For many years, I grinned and bore it. To me Pikachu, Raichu, and their pre-evolution, Pichu, were all the same Pokémon anyway. If one form got love, it was like my partner in crime was getting attention at different stages of his life. But man, Game Freak was adamant about making sure everyone and their mother knew that Raichu was the red-headed stepchild of the family. Pikachu has a held item that makes it more powerful than Raichu, so there’s even a mechanical reason not to use a Thunder Stone and evolve it. Raichu’s Ultra Moon Pokedex entry even says, “Because so many Trainers like the way Pikachu looks, you don’t see this Pokémon very often.” Relax, Game Freak.

So when Sun and Moon was coming out, I was already halfway off the wagon. Then it arrived and Game Freak revealed that every Pikachu in the game would evolve into a new regional variant. The Alolan version of Raichu is…cute, I guess. It gains the psychic typing which lets it levitate and surf around on its tail, and all of this is apparently a result of Pikachu overeating Alolan pancakes, which is why it emits a sweet scent when it rubs its electric cheeks. But I saw through its facade. I don’t smell maple syrup, I smell some bullshit. I want to fistfight him in the streets.

Behind this syrup-smelling surfing psychic’s cute round face is a nasty, vile truth: Game Freak and The Pokémon Company were only willing to give Raichu attention if they changed him into something else entirely. The boy cannot get respect in his own form, and that has only become more clear in the years since Sun and Moon. Pikachu gets a Gigantamax form in Sword and Shield, an exclusive Z-Move in Sun and Moon, and is always the playable version in games like Pokken Tournament and Pokémon Unite. Raichu, meanwhile, gets scraps…unless it’s the Alolan variant, which is featured in games like Super Smash Bros. Ultimate and is playable in Pokémon Unite

A lot of this disrespect and preferential treatment has come after Sun and Moon, but I still called Alolan Raichu for what it was. Sun and Moon was already primed to push me away with its less interesting tropical setting and a Pokedex with too few standouts to keep me hunting for new favorites, so to not even be able to explore this region with my favorite electric rat? To be told to settle for an imposter that smells of hotcakes and psychic power? I just couldn’t push through. And y’all, I have tried so many times over the past 10 years. However, maybe I can finally go back after Pokémon Legends: Z-A.
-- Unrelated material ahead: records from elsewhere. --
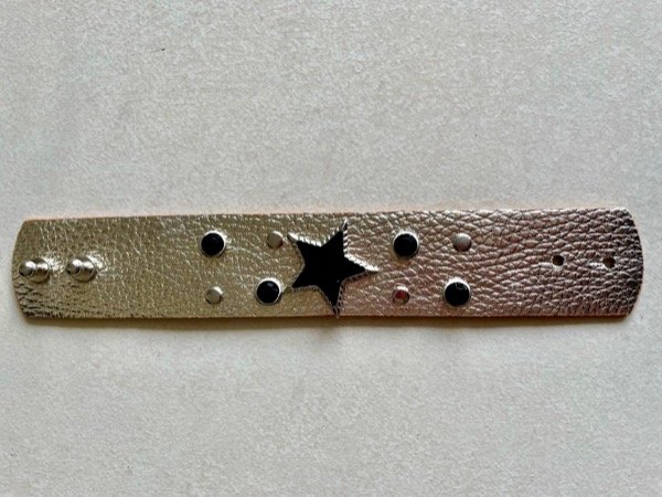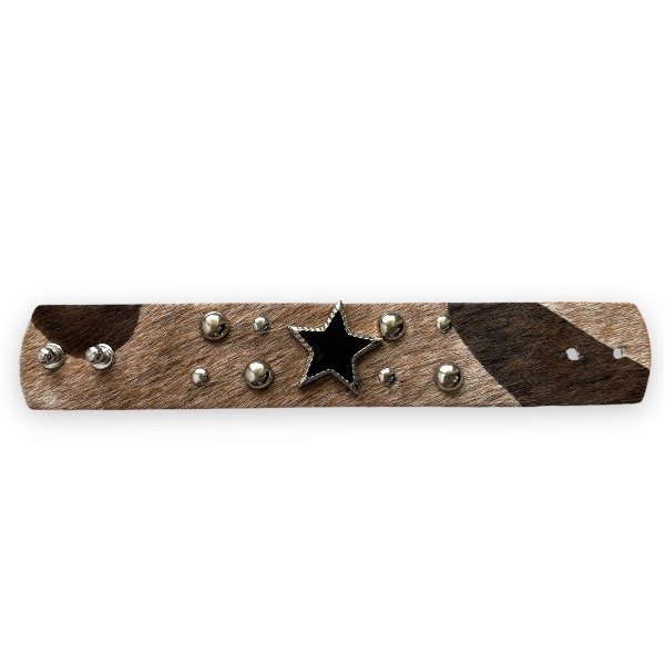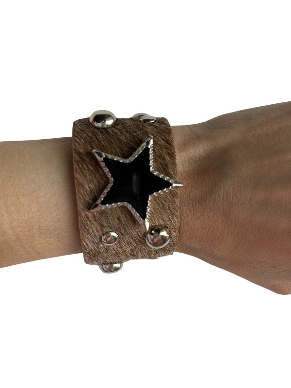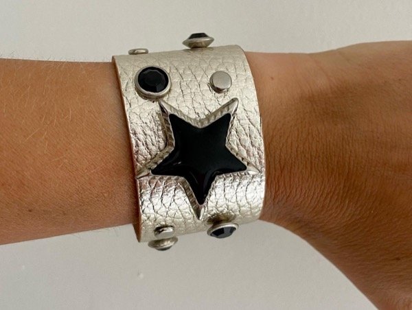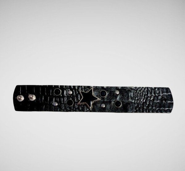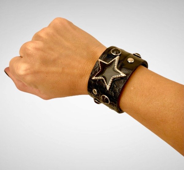 Brazalete de cuero con aplique de estrella y piedra negra
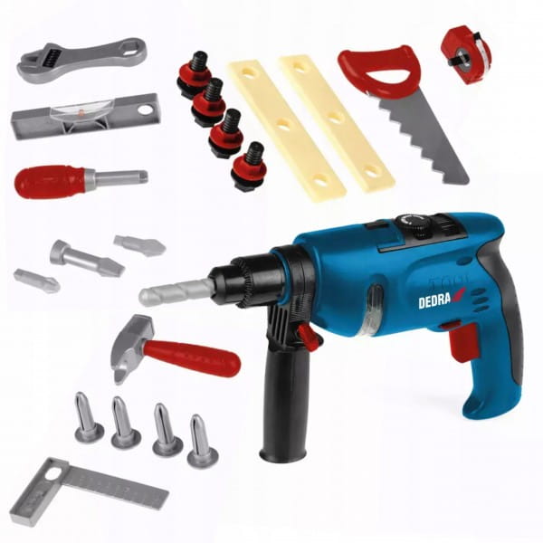 W zestawie oprócz urządzenia, znajduje się cały szereg osprzętu do niego jak wiertła oraz akcesoriów jak miarka, piła ręczna czy poziomnica – dzięki temu każde dziecko poczuć się będzie mogło jak prawdziwy majsterkowicz. Dodatkowo całość spakowana jest w walizkę podobną do tych w jakich przechowuje się fachowe elektronarzędzia, co jeszcze bardziej urealnia zabawę.
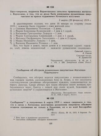 Удостоверение, выданное Ворничанским сельским правлением жителям с. Ворничаны, о том, что их дома были разрушены румынскими оккупантами во время подавления Хотинского восстания. 5 марта (20 февраля) 1919 г. // Черновицкий облгосархив, ф. 42, оп. 1, д. 153, л. 200. Заверенная копия. Регест.
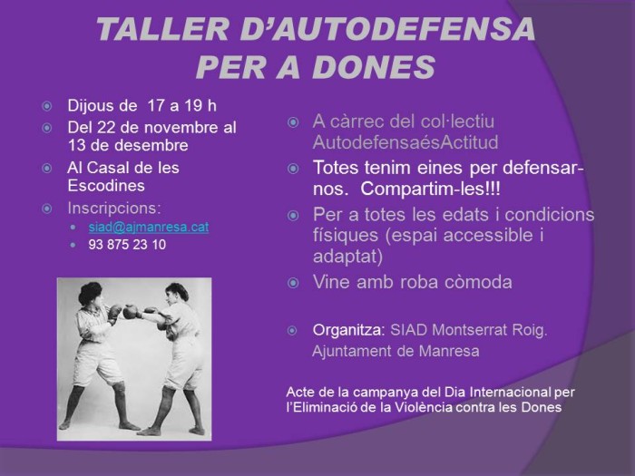 El Servei d’Informació i Atenció a la Dona (SIAD) Montserrat Roig de l’Ajuntament de Manresa realitzarà la tercera edició del taller d’autodefensa per a dones, una activitat que s’emmarca dins del programa d’actes de la campanya pel Dia Internacional per l’Eliminació de la Violència contra les Dones.
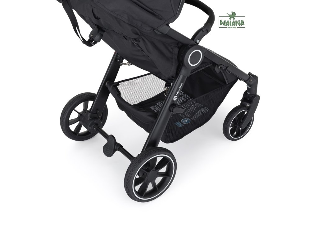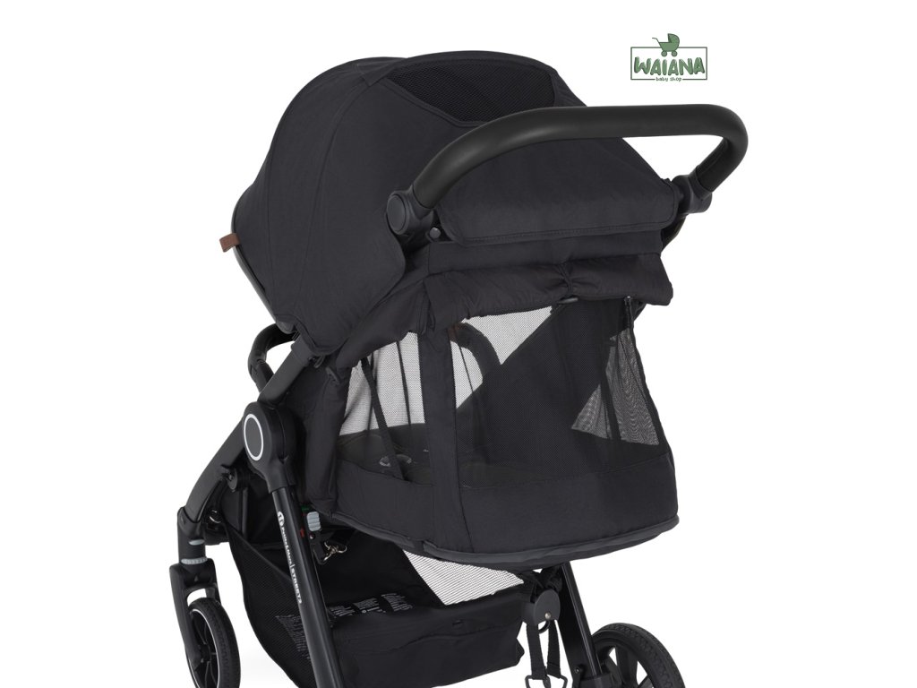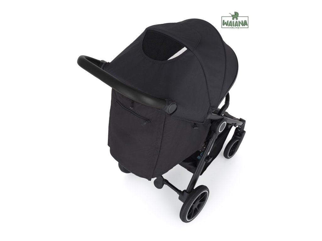 Športový kočík Street2 RWS Black je vďaka menším kolieskam ľahší, celogumené kolieska majú ale napriek tomu výborné jazdné vlastnosti. Madlo a rukoväť sú v čiernej farbe.
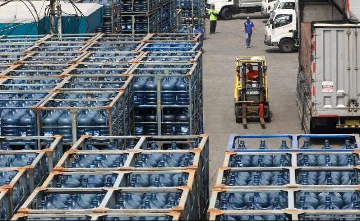 雅加达某分销点的工作人员正在装卸Aqua品牌的瓶装饮用水。
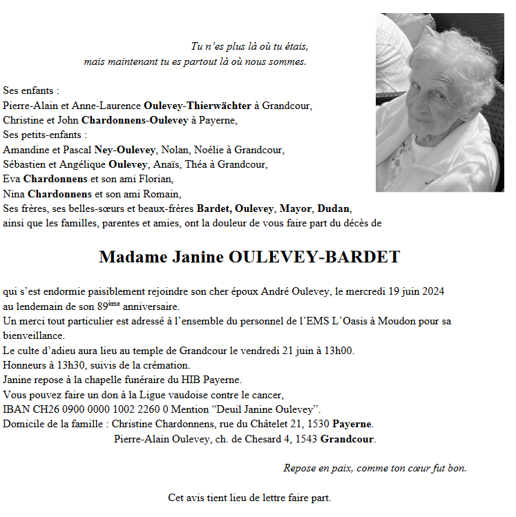 Madame Janine OULEVEY-BARDET 17 juin. 1935 - 19 juin. 2024 Avis mortuaire PFG Télecharger PDF Partager sur: Galerie PreviousNext PreviousNext
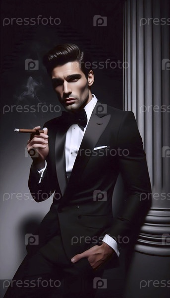 Харизматичный актер в индивидуальном смокинге, опирающийся на столб с одной рукой в кармане, Ай создал образ

Raichux© The Pokémon Company

The latest RPG in the series finally gives Raichu his due. He has not one, but two Mega Evolutions now, after having been oddly overlooked when X and Y came out and first introduced those transformations. I’m obsessed with both of these forms, though I have a preference for the flying, physical-attacking X form. I admit, however, there is some part of me that still feels a little bit of that lingering resentment because both forms carry distinct visual similarities to Pikachu, almost as if Game Freak wanted to make a Mega Pikachu but couldn’t based on their own rules, and so my rat son finally got love. Yes, Alolan Raichu felt like a slight to us OG Raichu lovers at the time…but now that my favorite Pokémon finally isn’t being ignored, do I have it in me to forgive the dopey-ass surfer boy for his crimes?
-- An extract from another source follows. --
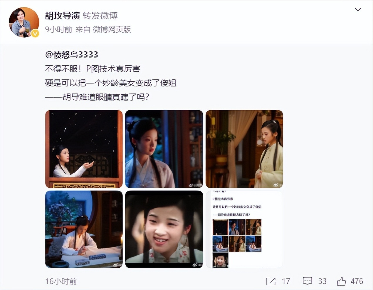 针对张淼怡被嘲“丑”,导演胡玫曾多次发剧照力挺演员,并称有人恶意丑化张淼怡。
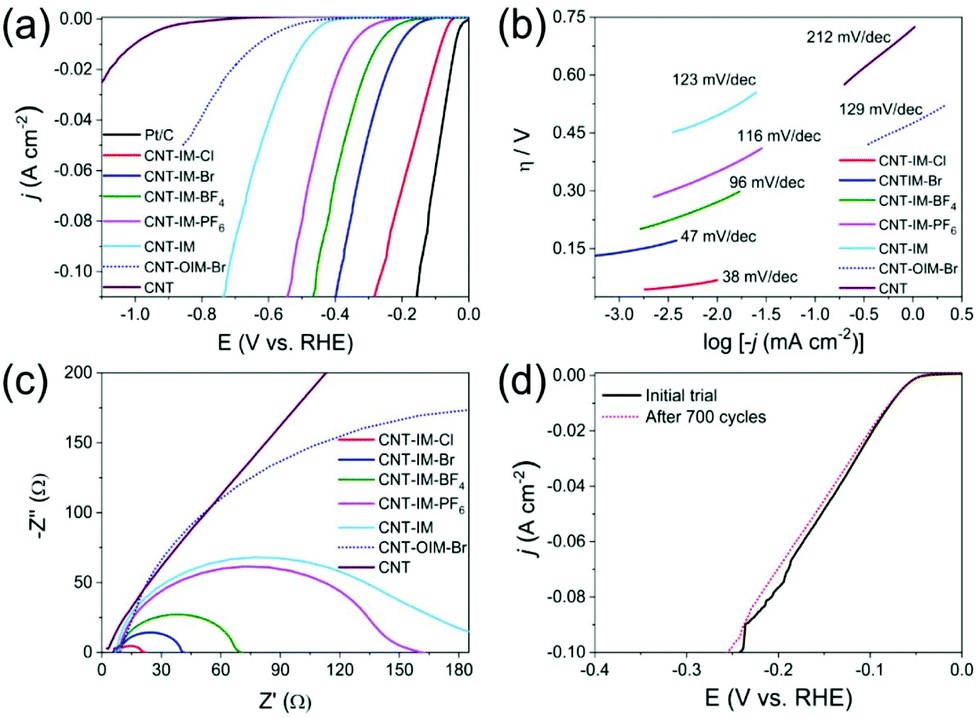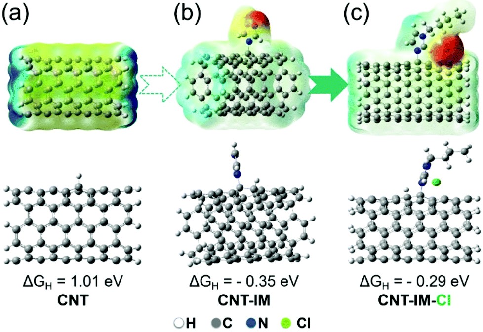 图3:IL-CNTs的吸附自由能计算 研究表明,原位制备的IL-CNTs中IL直接与CNTs连接,能够最大程度的影响材料表面电子结构,有利于析氢中的电子转移与反应物吸附,从而获得较好的催化活性。同时通过改变IL的结构等条件,进一步提高催化活性。

As the resident Pokémon guy around these parts, Sun and Moon is one of the only examples I have of a backlog game that feels truly wrong to have not seen through to the end. Usually, if I don’t finish a game, there’s a less stupid and prideful reason like I just wasn’t enjoying it, so I don’t carry the baggage of games left incomplete on my shoulders as I head out to new worlds on unknown adventures. But I’m a certified champion in every other Pokémon region besides Alola, which I left unconquered mostly because I didn’t want to do it without my best friend by my side. I might not go back any time soon, but for the first time in over a decade, I’m starting to feel like I’m letting go of the pride that has kept me from seeing it through.